Thank you, thank you, God that I had the 48 year old foresight to text ahead, specifically as I had not realized all texts run live down the side of the ridiculously large computer screen in the Blue Beck offices.

As my running high wore off remembered. The cloud! It was a thing! We had it! We all shared it including my teenagers!

Frantic texts followed

“Will that picture be on the cloud? Can the children access  it ?Who can see it????

Shit, shit, shit.

“WILLYOUPLEASERESPONDTOMYTEXTS!!!!”

Anyway it was finally sorted, deleted, cleared normal life resumed. I decided as a passion kindler sexting was not for me.

Back in the real world of additional needs.

Pearl receives direct payments for Personal Assistant employment. Every 6 months or so a Family Support Worker comes to visit to check we are using them appropriately and what’s occurring Chez Pearl.

Pearl had, since her last visit taken part in a play, modelling contract or some-such of which I was inordinately proud.

I sat down next to Mrs Family Support to show her the photos.

Scrolling though as you do (note to self never scroll through photos next to someone. At best it’s boring)  I suddenly appeared. Sans top and plus a rather fetching hat.
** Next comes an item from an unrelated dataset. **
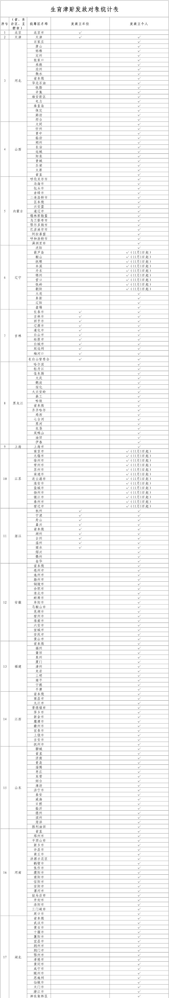 各统筹区生育津贴发放的具体情况,请参见下表。

I have never ever, ever, swiped a phone so hard or so quickly. A blur (I hoped) of pale flesh. Cheeks on fire, I said, with a nonchalance I did not feel.

“Oh my days what was that? I don’t know what the was !”(nice try Pinocchio)

And then, because I’m a really good parent

“What have those kids been doing with my phone?”

Thus throwing into question my parenting of said teenagers.

Did she see?

Did she know?

What must she of thought?

I think she must have, I think she would have known?!

How did the ****ing photo remain on the ****ing phone when I’d deleted it with such assurance?!

Even my tech guy (and he is good) doesn’t know.

The epilogue to this sorry tale of middle aged desire.

My children have not been removed. My husband thinks I’m hilarious. No teenagers saw anything that would have embarrassed me and mortified them.

Better yet the entire staffing  of Social Services has been restructured and we have a new family support worker.

I am a grown up

I am!

Happy Valentines day to one and all!